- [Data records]
· · · ·
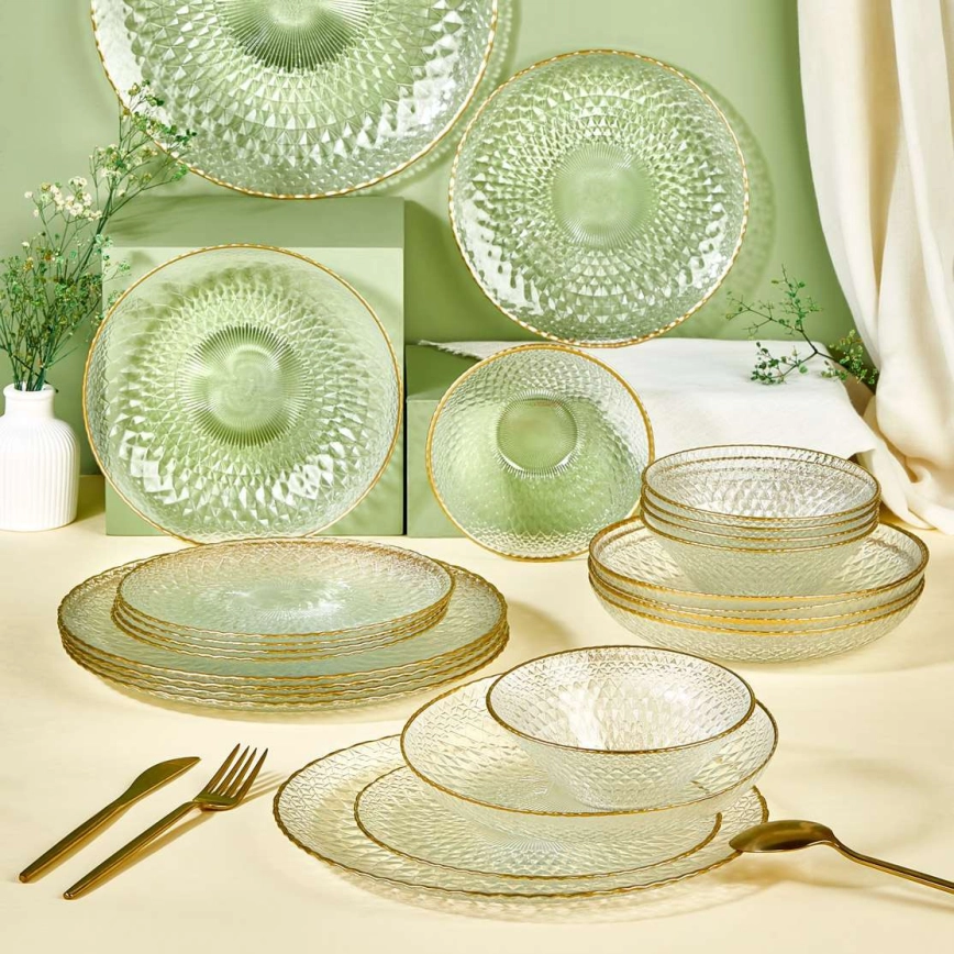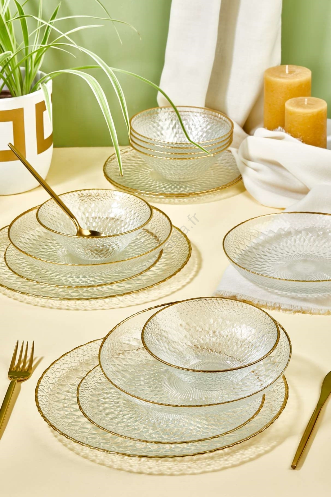 Service de table 24 pièces en verre transparent avec finitions dorées
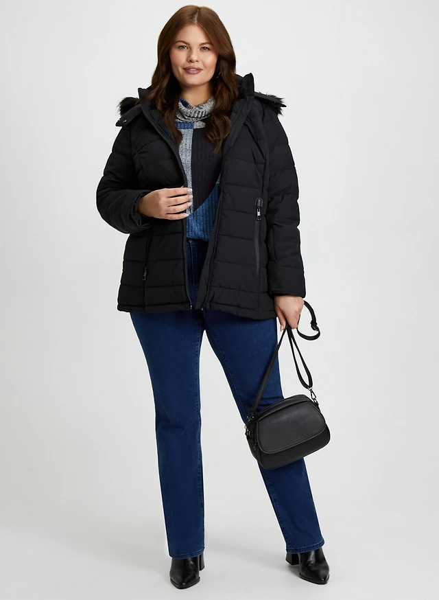 Manteau matelassé et jean bleu semi-évasé
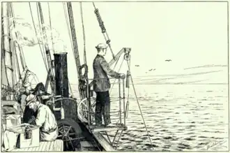 For fishing, Grampus was rigged for trawling,[11] hand-line fishing,[12] gillnetting,[13] seining,[14] dredging,[15] and squid jigging.[16] She had equipment for capturing the eggs of pelagic fishes and keeping the eggs alive or hatching them once they were aboard.[17] She also was equipped to harpoon swordfish and porpoises, with a pulpit for this purpose mounted on her jib boom end.[16] She carried guns with which her personnel could shoot birds and seals so that their carcasses could be collected for study. To collect environmental information, she carried sounding equipment and deep-sea thermometers.[18]
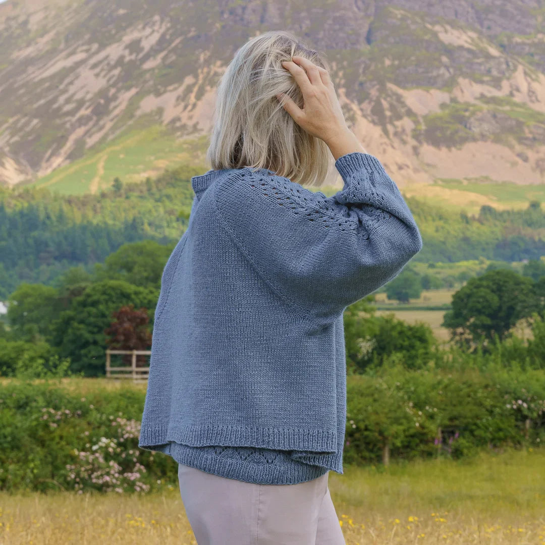 These pieces are knitted using The Fibre Co.’s Luma, a yarn blend that combines Merino wool, organic cotton, linen, and silk. The choice of yarn ensures that the twin set is not only soft and comfortable but also lightweight and suitable for warmer seasons, aligning with the summer-inspired design. Choose the Tranquil Twin Set for a knitting project that balances detailed design with wearable practicality.
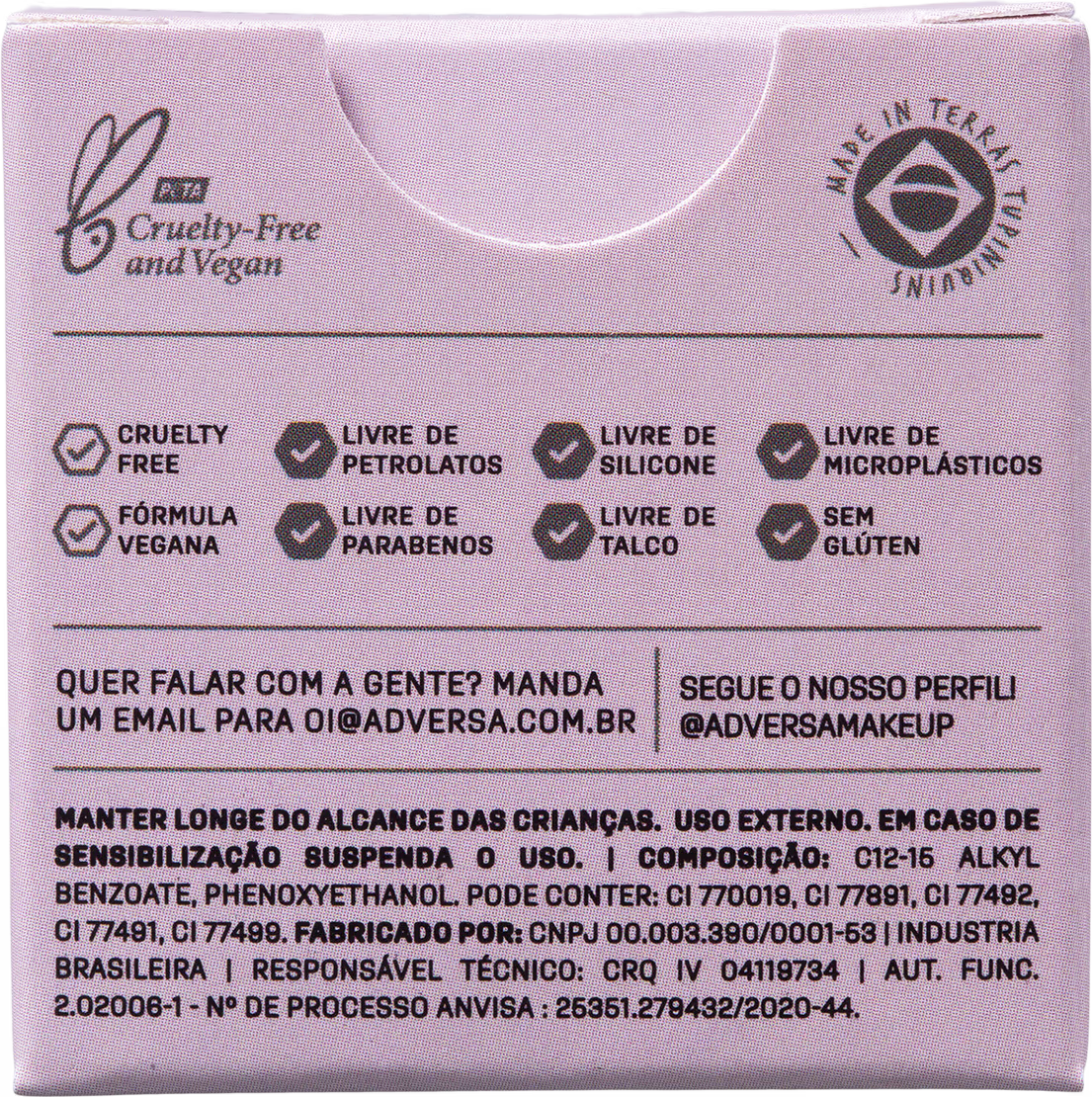Fórmula 100% vegana, cruelty free e livre de petrolatos, silicones, microplásticos, parabenos, talco e glúten.
· · · ·
The required output is each line above restated verbatim, with all images omitted.

- [Response box]
 Service de table 24 pièces en verre transparent avec finitions dorées
 Manteau matelassé et jean bleu semi-évasé
 For fishing, Grampus was rigged for trawling,[11] hand-line fishing,[12] gillnetting,[13] seining,[14] dredging,[15] and squid jigging.[16] She had equipment for capturing the eggs of pelagic fishes and keeping the eggs alive or hatching them once they were aboard.[17] She also was equipped to harpoon swordfish and porpoises, with a pulpit for this purpose mounted on her jib boom end.[16] She carried guns with which her personnel could shoot birds and seals so that their carcasses could be collected for study. To collect environmental information, she carried sounding equipment and deep-sea thermometers.[18]
 These pieces are knitted using The Fibre Co.’s Luma, a yarn blend that combines Merino wool, organic cotton, linen, and silk. The choice of yarn ensures that the twin set is not only soft and comfortable but also lightweight and suitable for warmer seasons, aligning with the summer-inspired design. Choose the Tranquil Twin Set for a knitting project that balances detailed design with wearable practicality.
Fórmula 100% vegana, cruelty free e livre de petrolatos, silicones, microplásticos, parabenos, talco e glúten.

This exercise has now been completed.